■ EXERCISE MATERIALS:
"""

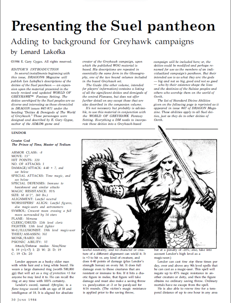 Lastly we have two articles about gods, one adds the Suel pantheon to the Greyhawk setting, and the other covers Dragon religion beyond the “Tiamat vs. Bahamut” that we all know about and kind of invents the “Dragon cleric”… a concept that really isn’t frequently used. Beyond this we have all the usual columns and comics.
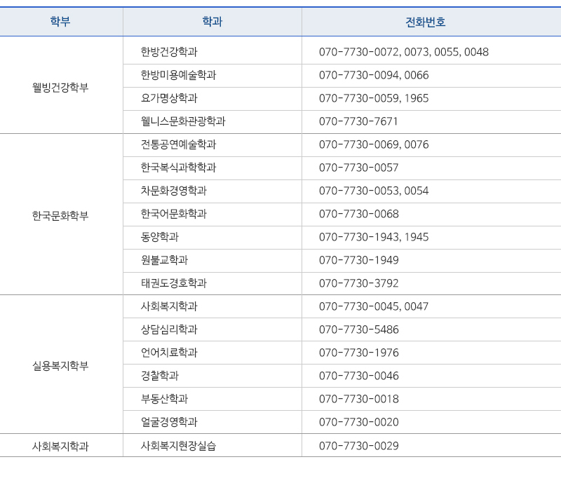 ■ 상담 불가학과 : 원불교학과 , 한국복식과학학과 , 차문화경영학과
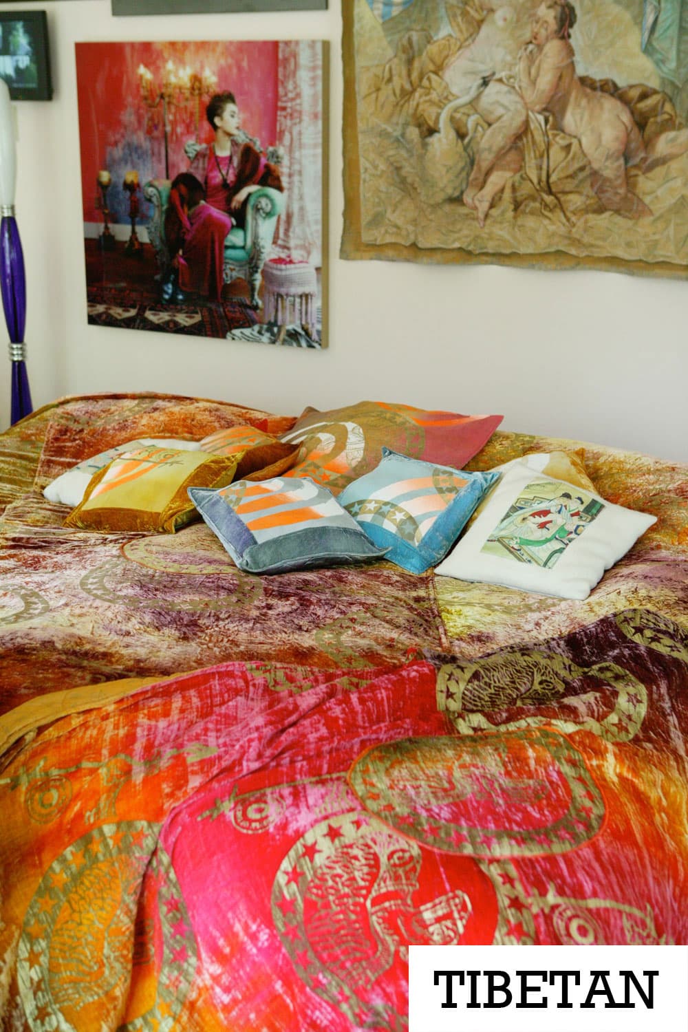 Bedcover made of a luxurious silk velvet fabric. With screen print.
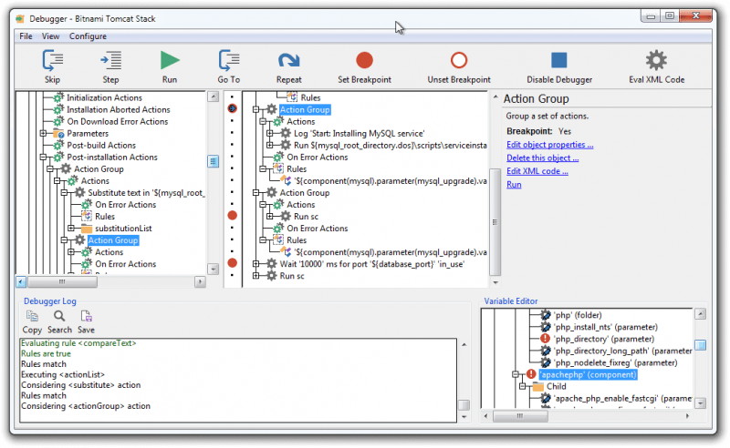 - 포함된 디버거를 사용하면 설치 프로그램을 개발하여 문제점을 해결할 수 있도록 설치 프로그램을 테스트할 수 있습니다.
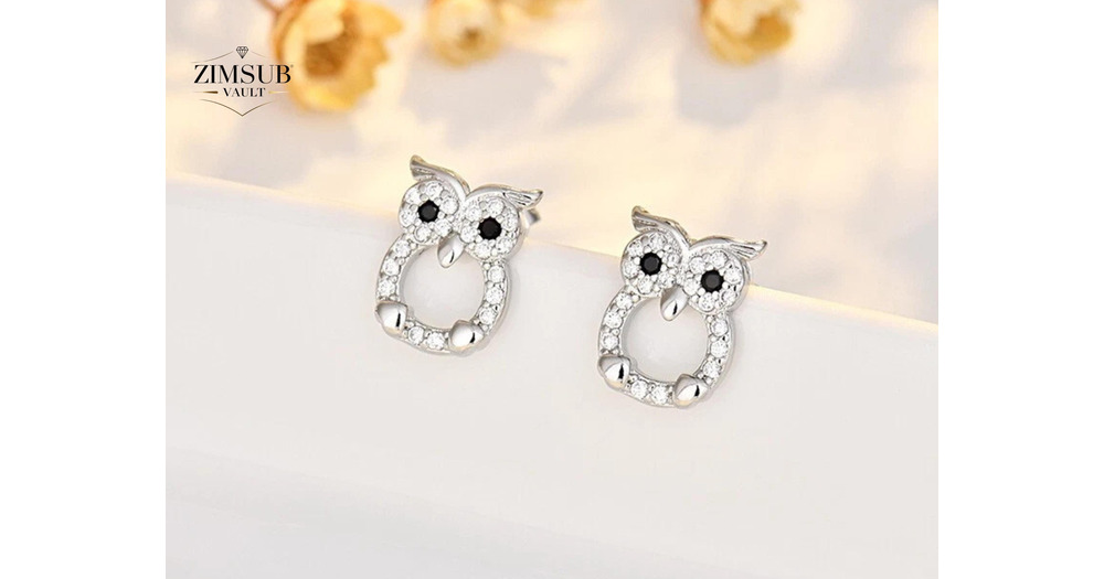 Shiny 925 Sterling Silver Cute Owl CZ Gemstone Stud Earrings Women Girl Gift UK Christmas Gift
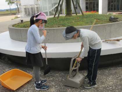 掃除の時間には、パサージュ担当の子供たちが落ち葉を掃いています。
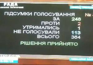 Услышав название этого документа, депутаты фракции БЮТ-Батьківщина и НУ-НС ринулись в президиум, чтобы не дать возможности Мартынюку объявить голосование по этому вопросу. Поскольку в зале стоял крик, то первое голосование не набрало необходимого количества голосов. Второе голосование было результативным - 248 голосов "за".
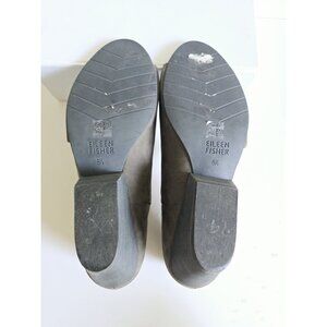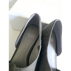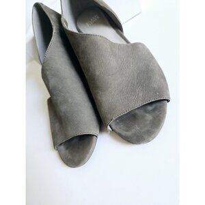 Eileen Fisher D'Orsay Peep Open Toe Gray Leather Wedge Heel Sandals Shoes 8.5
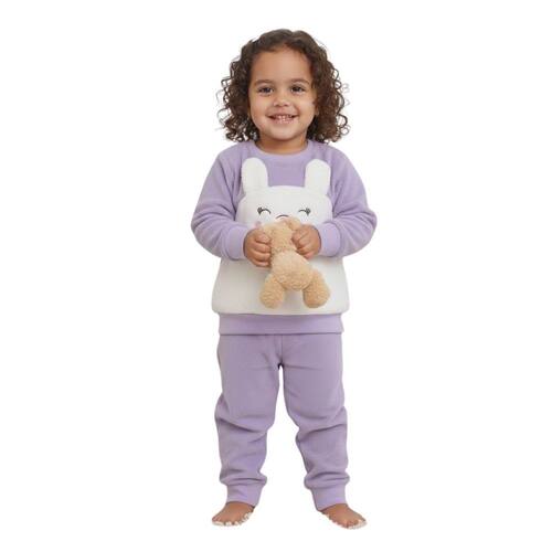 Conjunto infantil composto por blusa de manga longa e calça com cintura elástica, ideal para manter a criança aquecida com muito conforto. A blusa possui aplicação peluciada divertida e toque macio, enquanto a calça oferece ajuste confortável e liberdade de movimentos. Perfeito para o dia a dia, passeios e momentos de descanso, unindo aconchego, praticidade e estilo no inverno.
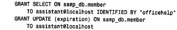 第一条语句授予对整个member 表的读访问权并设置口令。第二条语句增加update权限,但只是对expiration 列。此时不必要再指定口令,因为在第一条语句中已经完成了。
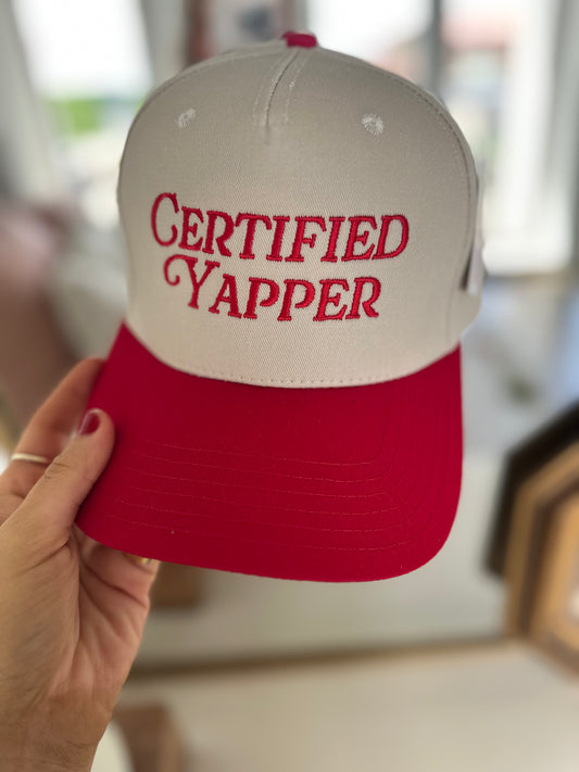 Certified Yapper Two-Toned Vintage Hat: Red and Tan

"""
"""

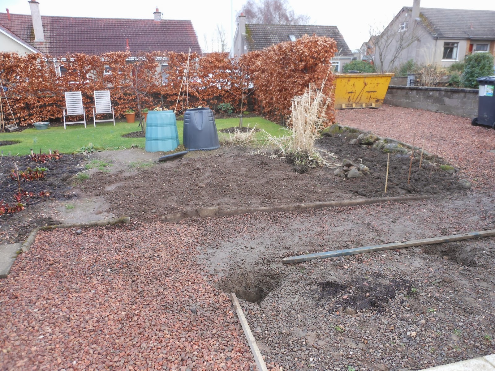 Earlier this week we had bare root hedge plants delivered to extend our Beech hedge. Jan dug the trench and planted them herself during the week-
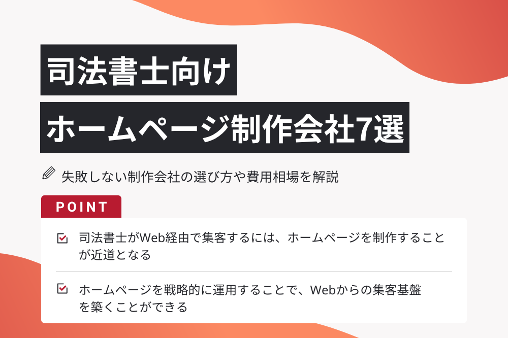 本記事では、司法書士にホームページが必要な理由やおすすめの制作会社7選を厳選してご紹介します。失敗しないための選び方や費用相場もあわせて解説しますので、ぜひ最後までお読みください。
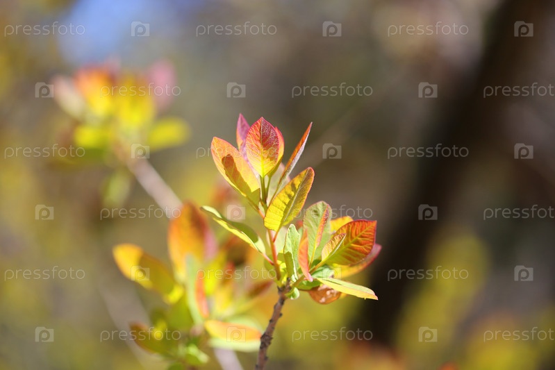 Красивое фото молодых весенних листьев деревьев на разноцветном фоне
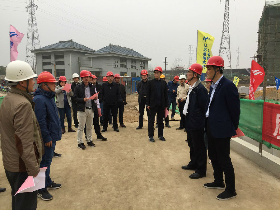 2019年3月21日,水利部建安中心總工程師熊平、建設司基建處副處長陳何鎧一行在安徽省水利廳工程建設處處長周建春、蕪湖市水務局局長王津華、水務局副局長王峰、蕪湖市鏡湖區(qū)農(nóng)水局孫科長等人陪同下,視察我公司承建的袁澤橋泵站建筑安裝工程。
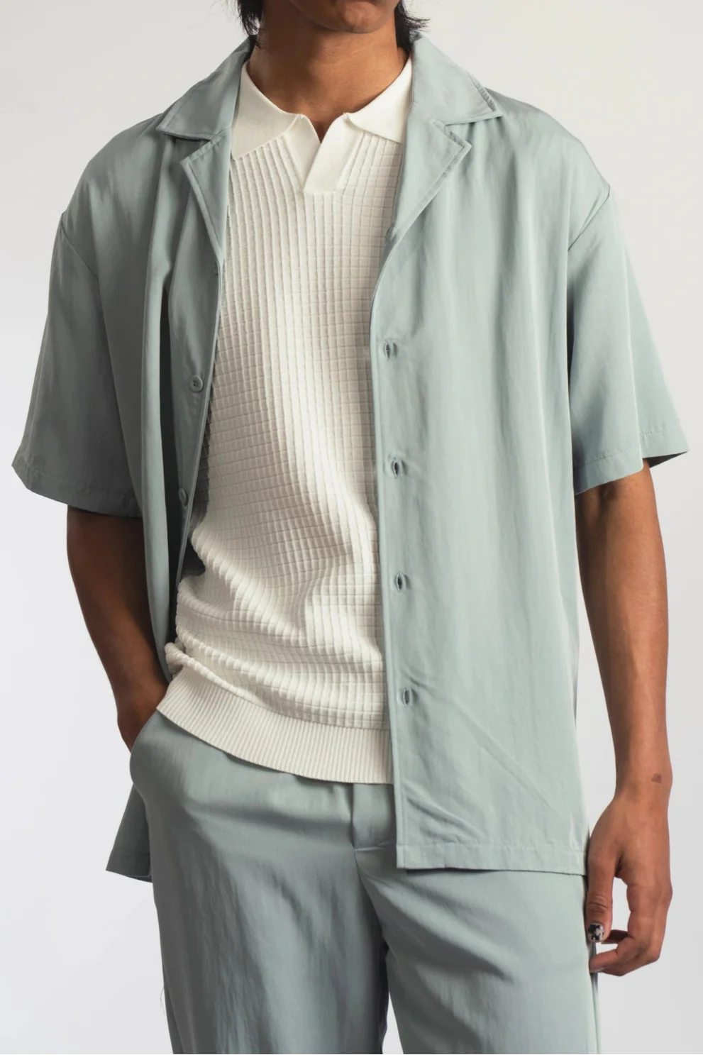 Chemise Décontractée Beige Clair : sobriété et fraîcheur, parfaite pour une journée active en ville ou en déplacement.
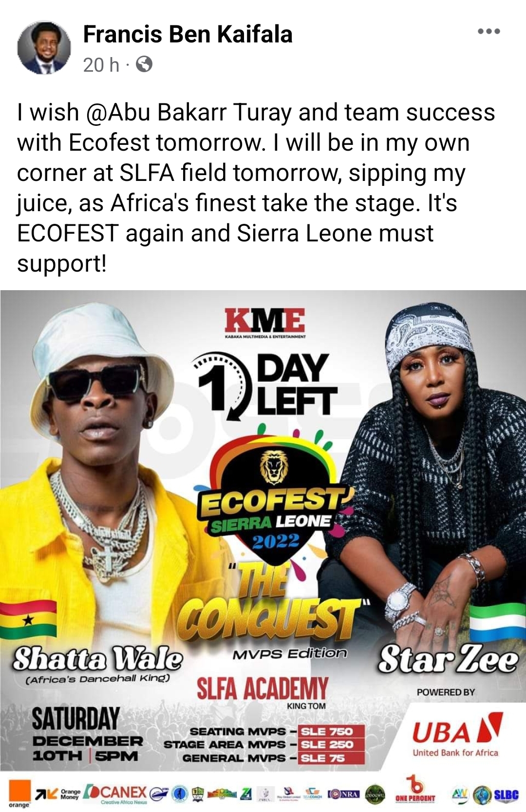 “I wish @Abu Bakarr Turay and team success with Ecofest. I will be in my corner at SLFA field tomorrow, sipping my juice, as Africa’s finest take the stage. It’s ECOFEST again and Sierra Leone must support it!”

"""
"""

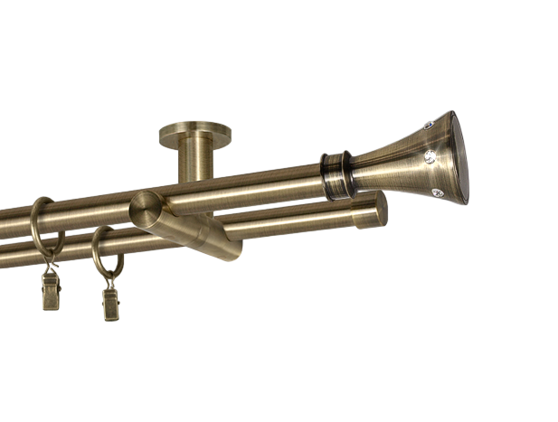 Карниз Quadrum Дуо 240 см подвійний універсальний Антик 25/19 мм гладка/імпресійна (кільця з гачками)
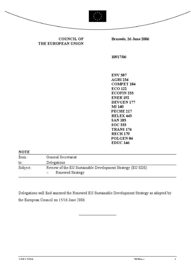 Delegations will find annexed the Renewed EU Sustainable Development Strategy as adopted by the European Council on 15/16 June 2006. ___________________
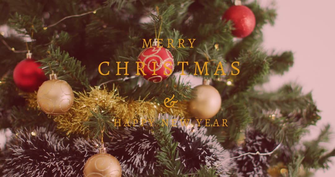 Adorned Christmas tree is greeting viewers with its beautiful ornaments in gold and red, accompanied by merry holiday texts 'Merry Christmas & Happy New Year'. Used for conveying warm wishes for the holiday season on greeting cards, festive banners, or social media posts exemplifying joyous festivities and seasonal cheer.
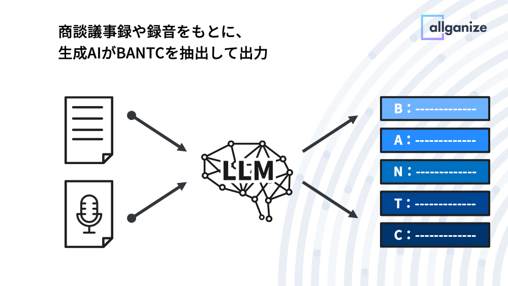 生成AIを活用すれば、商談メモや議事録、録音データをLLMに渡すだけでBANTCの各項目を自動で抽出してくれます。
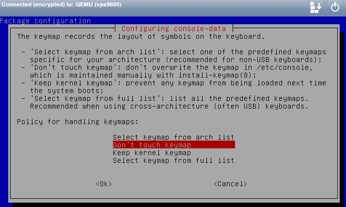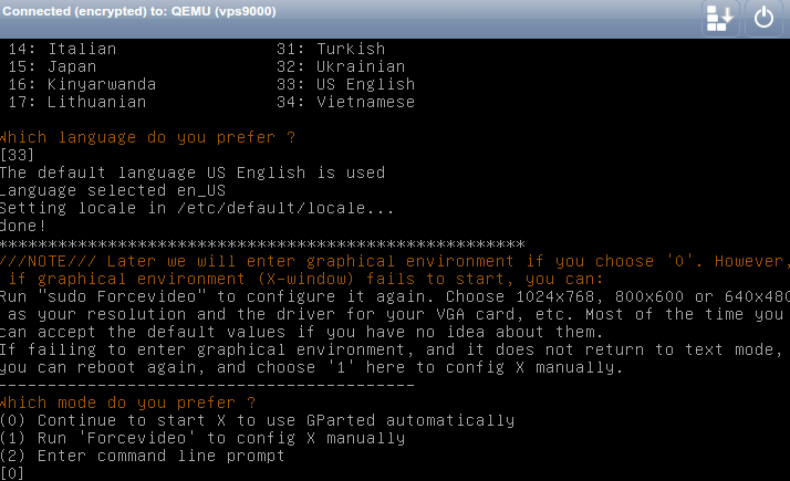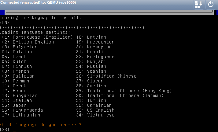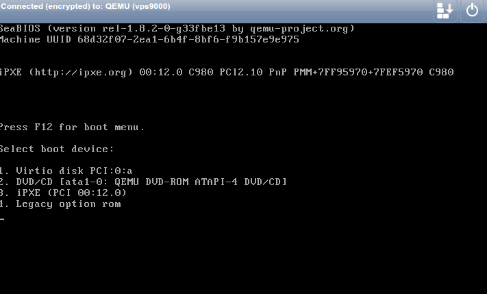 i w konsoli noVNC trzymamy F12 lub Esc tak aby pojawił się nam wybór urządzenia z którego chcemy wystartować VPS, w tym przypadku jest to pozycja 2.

"""

■ AIM OF THE TASK: For the entries above, print exactly the lines between the one with "Карниз Quadrum Дуо" and the one with "Delegations will find", inclusive, with no pictures.

■ SOLVED EXERCISE:
 Карниз Quadrum Дуо 240 см подвійний універсальний Антик 25/19 мм гладка/імпресійна (кільця з гачками)
 Delegations will find annexed the Renewed EU Sustainable Development Strategy as adopted by the European Council on 15/16 June 2006. ___________________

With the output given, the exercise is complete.